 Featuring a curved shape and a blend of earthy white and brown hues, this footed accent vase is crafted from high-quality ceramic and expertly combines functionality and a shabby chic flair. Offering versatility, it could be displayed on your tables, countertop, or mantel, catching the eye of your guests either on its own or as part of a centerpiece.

==

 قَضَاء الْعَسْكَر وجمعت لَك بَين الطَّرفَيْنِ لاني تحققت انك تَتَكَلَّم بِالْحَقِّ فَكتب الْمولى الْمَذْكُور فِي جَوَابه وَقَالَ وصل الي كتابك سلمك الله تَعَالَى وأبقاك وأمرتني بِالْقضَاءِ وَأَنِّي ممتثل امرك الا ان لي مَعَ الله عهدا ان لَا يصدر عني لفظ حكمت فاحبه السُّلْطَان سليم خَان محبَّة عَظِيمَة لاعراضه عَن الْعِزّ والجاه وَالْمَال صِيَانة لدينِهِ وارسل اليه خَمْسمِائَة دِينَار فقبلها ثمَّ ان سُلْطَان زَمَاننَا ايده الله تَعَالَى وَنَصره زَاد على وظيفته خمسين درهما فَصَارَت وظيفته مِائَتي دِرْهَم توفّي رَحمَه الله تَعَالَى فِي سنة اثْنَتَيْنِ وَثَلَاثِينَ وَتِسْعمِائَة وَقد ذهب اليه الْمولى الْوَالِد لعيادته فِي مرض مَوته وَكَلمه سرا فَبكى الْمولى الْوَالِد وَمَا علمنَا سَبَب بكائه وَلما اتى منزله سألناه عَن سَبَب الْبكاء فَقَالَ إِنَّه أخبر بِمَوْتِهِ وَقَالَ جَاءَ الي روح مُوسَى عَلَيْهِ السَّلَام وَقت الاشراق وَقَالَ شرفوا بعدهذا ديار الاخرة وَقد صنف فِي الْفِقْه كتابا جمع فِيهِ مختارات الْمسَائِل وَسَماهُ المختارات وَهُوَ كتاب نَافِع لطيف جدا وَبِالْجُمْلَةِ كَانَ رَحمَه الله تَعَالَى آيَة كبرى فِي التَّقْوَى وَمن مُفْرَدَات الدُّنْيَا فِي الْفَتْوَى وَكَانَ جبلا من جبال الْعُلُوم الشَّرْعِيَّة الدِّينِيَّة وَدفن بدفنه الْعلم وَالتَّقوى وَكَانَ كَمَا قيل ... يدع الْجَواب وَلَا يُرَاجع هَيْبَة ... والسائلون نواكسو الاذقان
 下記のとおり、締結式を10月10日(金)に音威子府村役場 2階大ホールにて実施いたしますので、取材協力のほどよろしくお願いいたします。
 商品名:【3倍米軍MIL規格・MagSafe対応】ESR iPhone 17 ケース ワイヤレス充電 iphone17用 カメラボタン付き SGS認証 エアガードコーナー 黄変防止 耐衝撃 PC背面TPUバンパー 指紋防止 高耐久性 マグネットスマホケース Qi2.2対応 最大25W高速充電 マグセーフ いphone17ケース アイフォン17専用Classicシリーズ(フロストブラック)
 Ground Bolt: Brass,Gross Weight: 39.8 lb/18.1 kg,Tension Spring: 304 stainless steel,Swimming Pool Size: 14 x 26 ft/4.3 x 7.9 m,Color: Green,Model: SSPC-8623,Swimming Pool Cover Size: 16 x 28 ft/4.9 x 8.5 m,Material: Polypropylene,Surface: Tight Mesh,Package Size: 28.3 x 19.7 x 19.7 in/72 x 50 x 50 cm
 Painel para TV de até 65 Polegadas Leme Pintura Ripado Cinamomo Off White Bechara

---

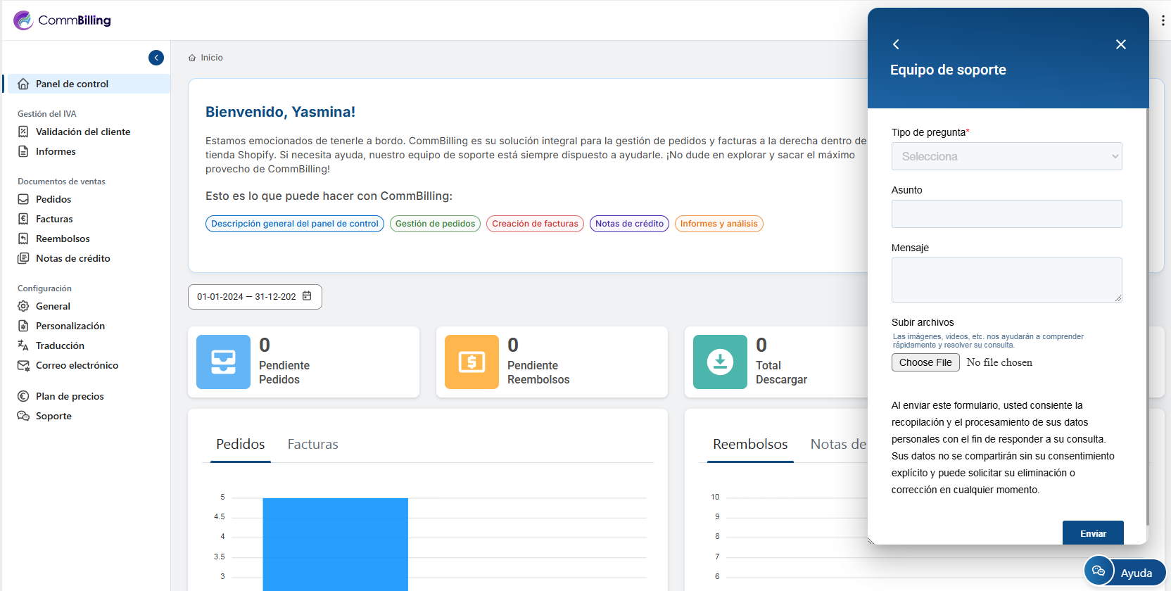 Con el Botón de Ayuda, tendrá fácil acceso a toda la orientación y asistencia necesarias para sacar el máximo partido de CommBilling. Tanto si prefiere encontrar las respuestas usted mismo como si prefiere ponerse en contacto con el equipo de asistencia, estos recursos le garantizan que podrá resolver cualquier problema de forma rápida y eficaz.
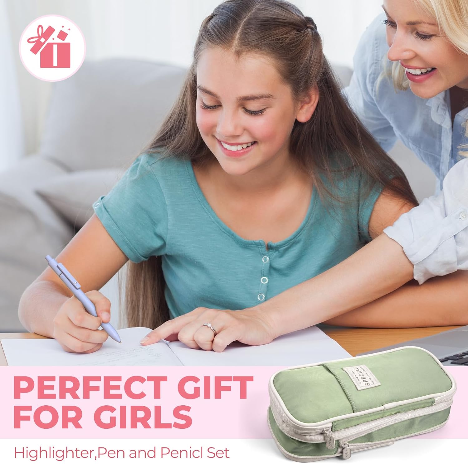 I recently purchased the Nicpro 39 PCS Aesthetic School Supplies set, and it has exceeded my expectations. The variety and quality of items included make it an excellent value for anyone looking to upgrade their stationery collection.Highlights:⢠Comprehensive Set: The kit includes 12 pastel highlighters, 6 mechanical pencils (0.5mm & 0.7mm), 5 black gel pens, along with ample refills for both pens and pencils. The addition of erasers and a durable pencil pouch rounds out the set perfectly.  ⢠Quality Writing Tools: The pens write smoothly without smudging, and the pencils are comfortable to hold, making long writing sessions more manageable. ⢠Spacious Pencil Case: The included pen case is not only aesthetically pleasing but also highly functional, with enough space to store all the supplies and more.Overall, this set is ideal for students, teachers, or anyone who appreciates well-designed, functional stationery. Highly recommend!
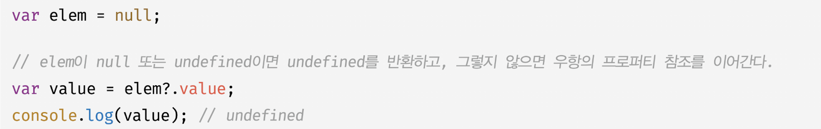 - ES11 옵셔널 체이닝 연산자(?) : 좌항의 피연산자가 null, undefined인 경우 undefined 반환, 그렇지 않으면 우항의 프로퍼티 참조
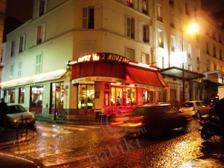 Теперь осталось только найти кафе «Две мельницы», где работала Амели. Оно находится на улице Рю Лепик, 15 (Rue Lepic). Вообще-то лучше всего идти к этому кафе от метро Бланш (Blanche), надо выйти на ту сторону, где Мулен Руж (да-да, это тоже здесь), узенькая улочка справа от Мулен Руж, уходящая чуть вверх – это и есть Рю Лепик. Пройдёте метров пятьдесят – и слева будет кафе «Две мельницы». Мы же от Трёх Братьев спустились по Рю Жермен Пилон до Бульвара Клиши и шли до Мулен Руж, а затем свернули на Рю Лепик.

Activity: What is asked for is an exact copy of the lines above from the one containing "下記のとおり、締結式を10月" through the one containing "Painel para TV", and only those.

Response:
 下記のとおり、締結式を10月10日(金)に音威子府村役場 2階大ホールにて実施いたしますので、取材協力のほどよろしくお願いいたします。
 商品名:【3倍米軍MIL規格・MagSafe対応】ESR iPhone 17 ケース ワイヤレス充電 iphone17用 カメラボタン付き SGS認証 エアガードコーナー 黄変防止 耐衝撃 PC背面TPUバンパー 指紋防止 高耐久性 マグネットスマホケース Qi2.2対応 最大25W高速充電 マグセーフ いphone17ケース アイフォン17専用Classicシリーズ(フロストブラック)
 Ground Bolt: Brass,Gross Weight: 39.8 lb/18.1 kg,Tension Spring: 304 stainless steel,Swimming Pool Size: 14 x 26 ft/4.3 x 7.9 m,Color: Green,Model: SSPC-8623,Swimming Pool Cover Size: 16 x 28 ft/4.9 x 8.5 m,Material: Polypropylene,Surface: Tight Mesh,Package Size: 28.3 x 19.7 x 19.7 in/72 x 50 x 50 cm
 Painel para TV de até 65 Polegadas Leme Pintura Ripado Cinamomo Off White Bechara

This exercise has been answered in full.